Being the one to cover these stories can place a journalist under public scrutiny. “There’s just things about your personal life that people are questioning. So you’re doing really well with your career? But where is your family? And these are not questions that a straight journalist would have to go through. And obviously you can’t have your personal life as you’d wish.”

This journalist’s drive to cover the LGBTQ+ community, however, comes from a desire to promote social justice in reporting. “Very often, you find that minority groups now like LGBTQ, are one, undercovered and two, definitely oppressed by the systems or societies they live in.”

“My most recent [project] has given me the backbone to [cover the queer community] without necessarily hiding because, initially, the whole team decided that I’m not covering it as a queer journalist. I’m just a reporter who’s been sent to cover the story. And that’s how we really try to stay objective, and to protect me as well.”
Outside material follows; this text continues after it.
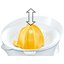 Соковыжималка для цитрусовых позволяет получить сок из лимонов, лаймов, апельсинов. Их достаточно разрезать пополам, поместить разрезом вниз на ребристый конус-наконечник и удерживать вручную или с помощью пресса. При включении прибора конус вращается, сок отжимается и стекает в контейнер.

In the process of his recent project, he could see the parallels to his own life: the project came out just after he had been outed to his father. “It was very triggering, just listening to how people have been ostracized by their families, or how they don’t have anyone to share their experiences with, or how no one gets them. And I entirely could feel every single story that we’re sharing”, he said.

In an international outlet like the one this journalist works at, he is able to be out to some of his colleagues. “But within the local stations, that’s something I would never have done,” he said. “It would have definitely cost me my job if I came out.”

To change the industry, however, he called on editors to be more open minded about covering LGBTQ issues. “There’s a sense that they need to see it like any other story, and look at it objectively, and put out personal opinions or feelings because at the end of the day, we’re dealing with people who need to be covered, and stories that need to be told.”